EXCERPTED RECORDS ->
* * *
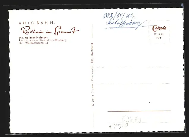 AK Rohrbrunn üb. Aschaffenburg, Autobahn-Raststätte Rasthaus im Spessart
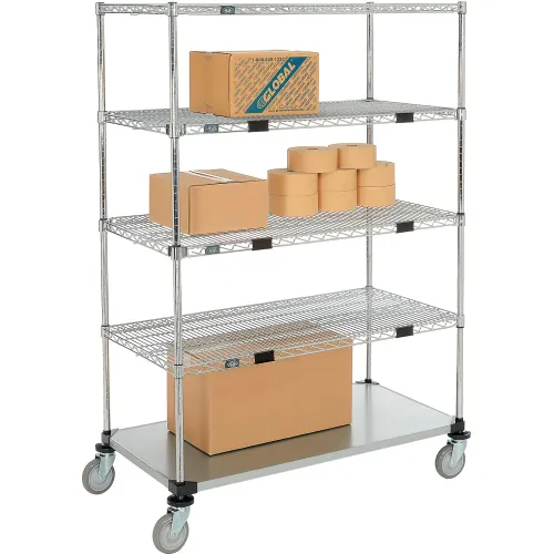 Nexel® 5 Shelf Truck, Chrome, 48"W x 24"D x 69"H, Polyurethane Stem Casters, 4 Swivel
* * *
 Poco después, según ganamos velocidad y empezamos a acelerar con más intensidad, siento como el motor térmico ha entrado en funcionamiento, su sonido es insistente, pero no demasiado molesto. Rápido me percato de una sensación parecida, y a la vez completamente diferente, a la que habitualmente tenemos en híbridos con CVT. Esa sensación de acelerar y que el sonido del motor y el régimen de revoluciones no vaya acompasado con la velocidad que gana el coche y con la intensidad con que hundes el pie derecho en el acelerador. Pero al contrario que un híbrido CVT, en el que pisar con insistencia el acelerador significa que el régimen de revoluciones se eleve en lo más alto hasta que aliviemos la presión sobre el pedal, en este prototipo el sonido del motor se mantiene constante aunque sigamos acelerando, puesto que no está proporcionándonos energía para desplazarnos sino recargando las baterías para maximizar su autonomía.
* * *
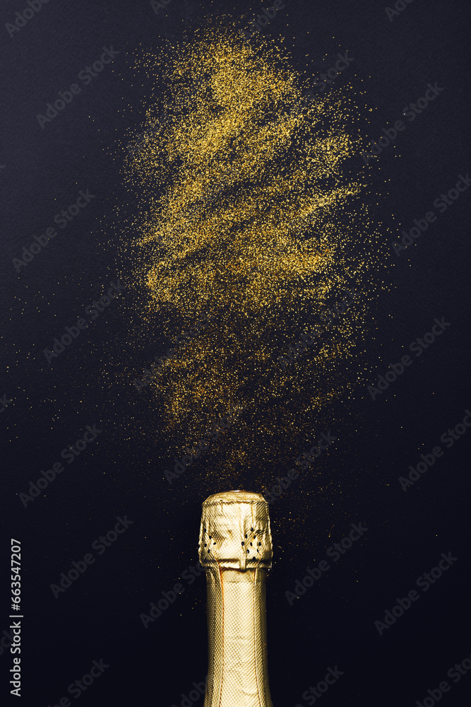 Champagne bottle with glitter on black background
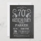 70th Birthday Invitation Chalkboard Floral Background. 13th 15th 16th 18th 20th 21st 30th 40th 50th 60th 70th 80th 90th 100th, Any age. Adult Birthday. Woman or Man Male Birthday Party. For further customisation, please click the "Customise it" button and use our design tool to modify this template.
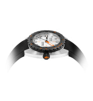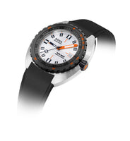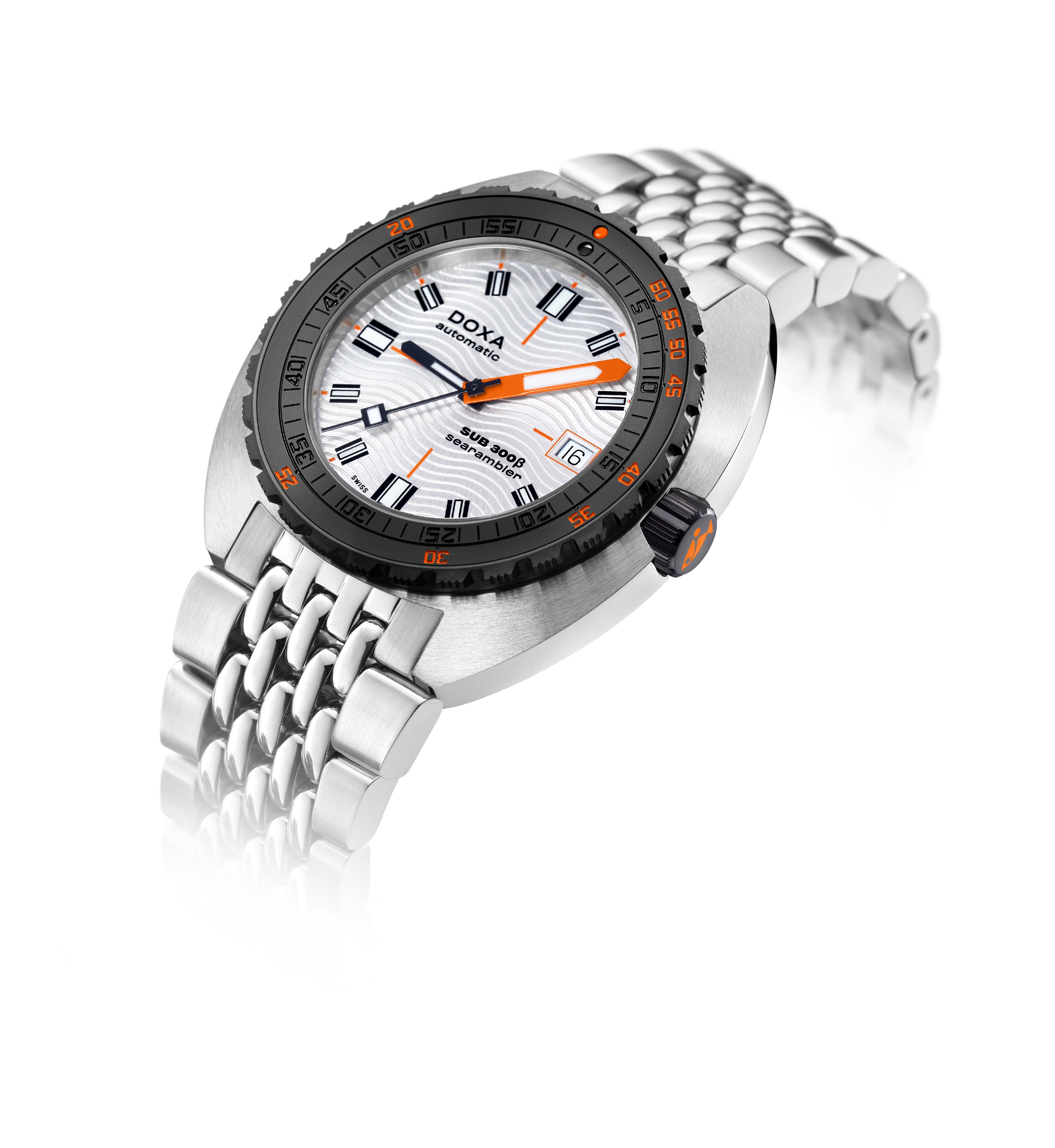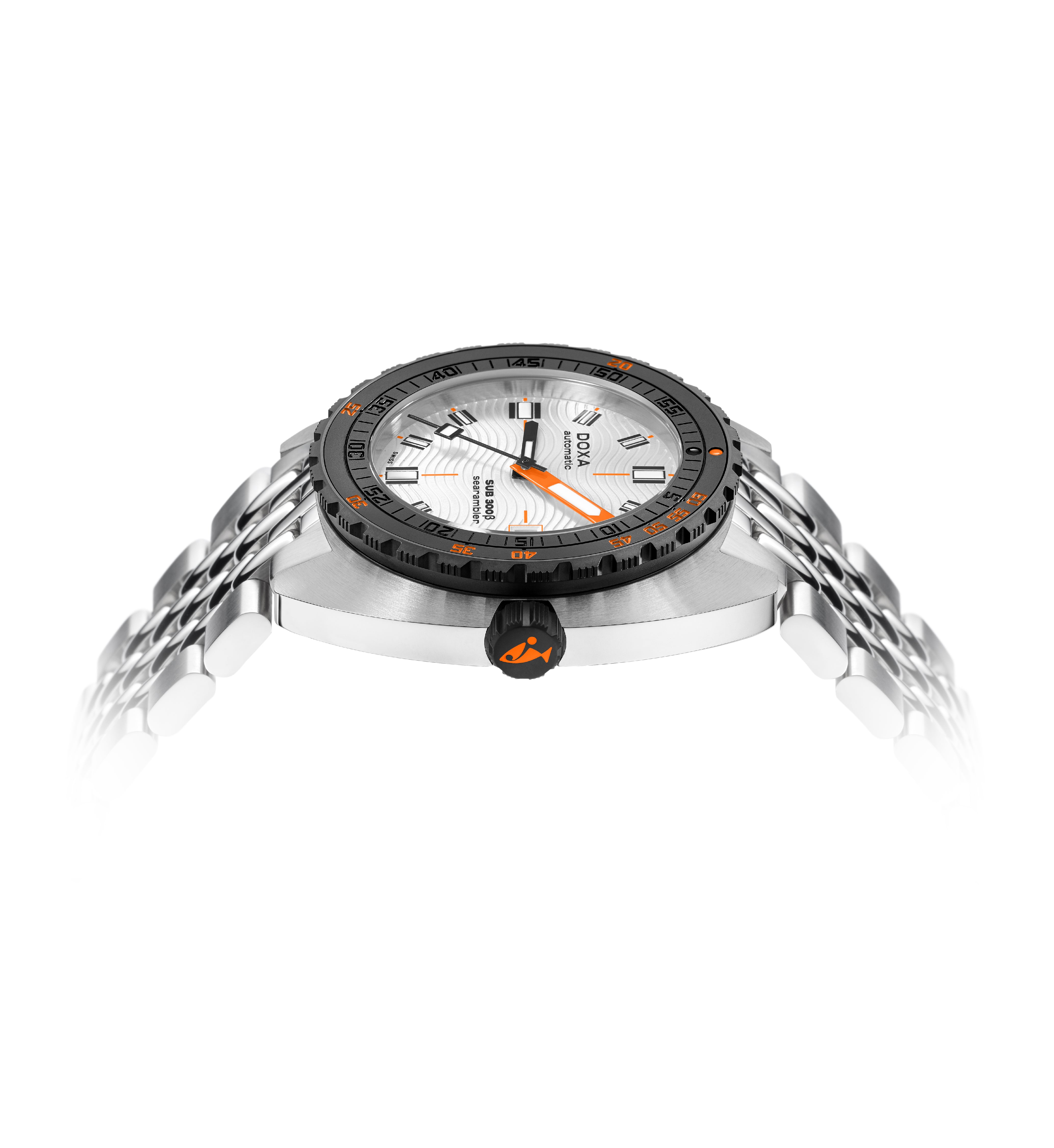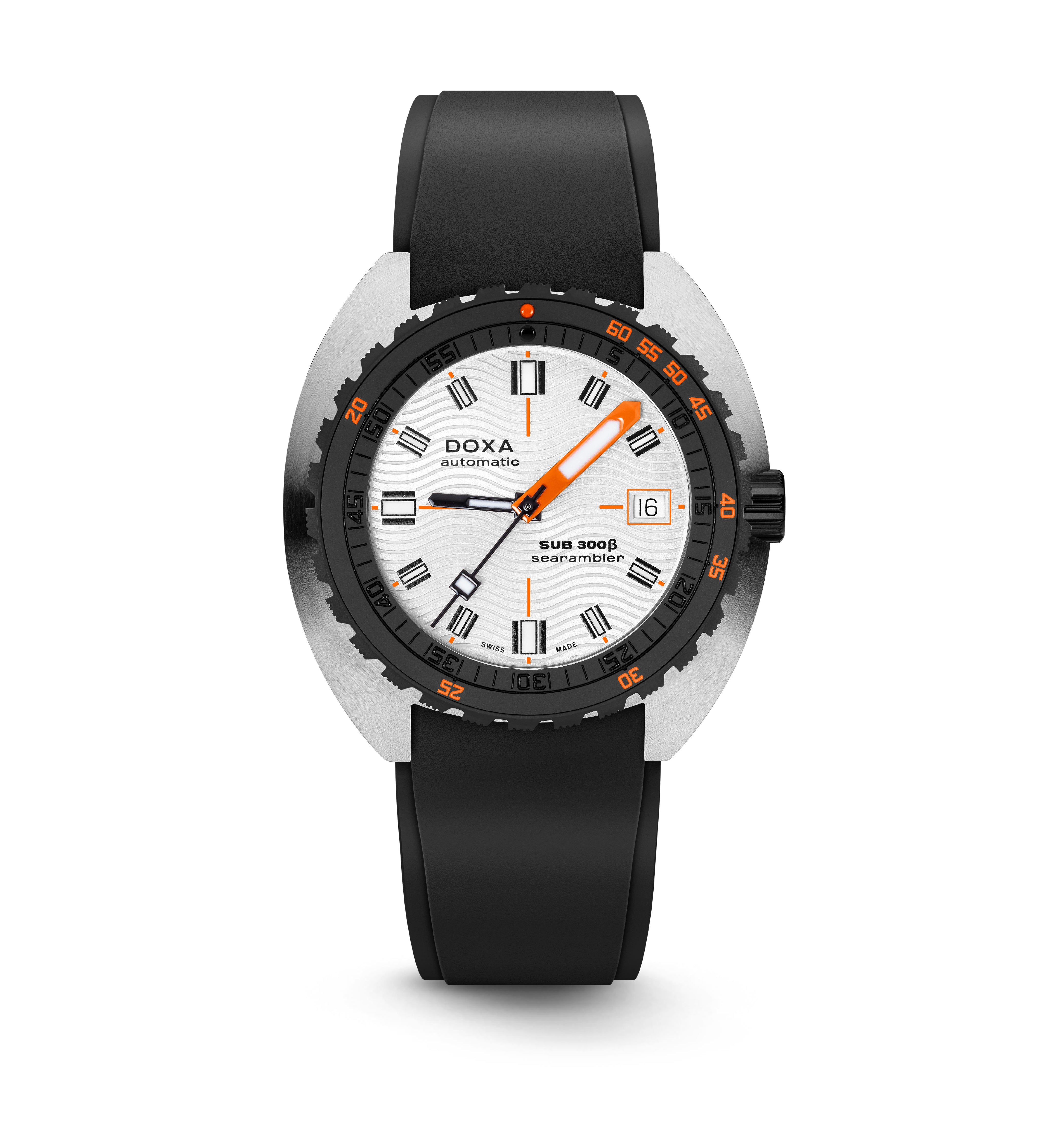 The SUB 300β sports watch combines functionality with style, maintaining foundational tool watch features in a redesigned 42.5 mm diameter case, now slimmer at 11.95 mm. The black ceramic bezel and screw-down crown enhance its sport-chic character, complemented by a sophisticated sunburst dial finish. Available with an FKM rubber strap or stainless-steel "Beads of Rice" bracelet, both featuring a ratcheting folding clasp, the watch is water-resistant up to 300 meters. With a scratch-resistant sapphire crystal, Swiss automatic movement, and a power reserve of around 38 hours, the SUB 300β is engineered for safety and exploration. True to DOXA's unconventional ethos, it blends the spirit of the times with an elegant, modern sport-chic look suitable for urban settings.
* * *
WORK TO COMPLETE -> Output exactly the lines above, from the line with "Champagne bottle with" to the line with "The SUB 300β sports", both included; skip the pictures.

WRITTEN ANSWER ->
 Champagne bottle with glitter on black background
 70th Birthday Invitation Chalkboard Floral Background. 13th 15th 16th 18th 20th 21st 30th 40th 50th 60th 70th 80th 90th 100th, Any age. Adult Birthday. Woman or Man Male Birthday Party. For further customisation, please click the "Customise it" button and use our design tool to modify this template.
 The SUB 300β sports watch combines functionality with style, maintaining foundational tool watch features in a redesigned 42.5 mm diameter case, now slimmer at 11.95 mm. The black ceramic bezel and screw-down crown enhance its sport-chic character, complemented by a sophisticated sunburst dial finish. Available with an FKM rubber strap or stainless-steel "Beads of Rice" bracelet, both featuring a ratcheting folding clasp, the watch is water-resistant up to 300 meters. With a scratch-resistant sapphire crystal, Swiss automatic movement, and a power reserve of around 38 hours, the SUB 300β is engineered for safety and exploration. True to DOXA's unconventional ethos, it blends the spirit of the times with an elegant, modern sport-chic look suitable for urban settings.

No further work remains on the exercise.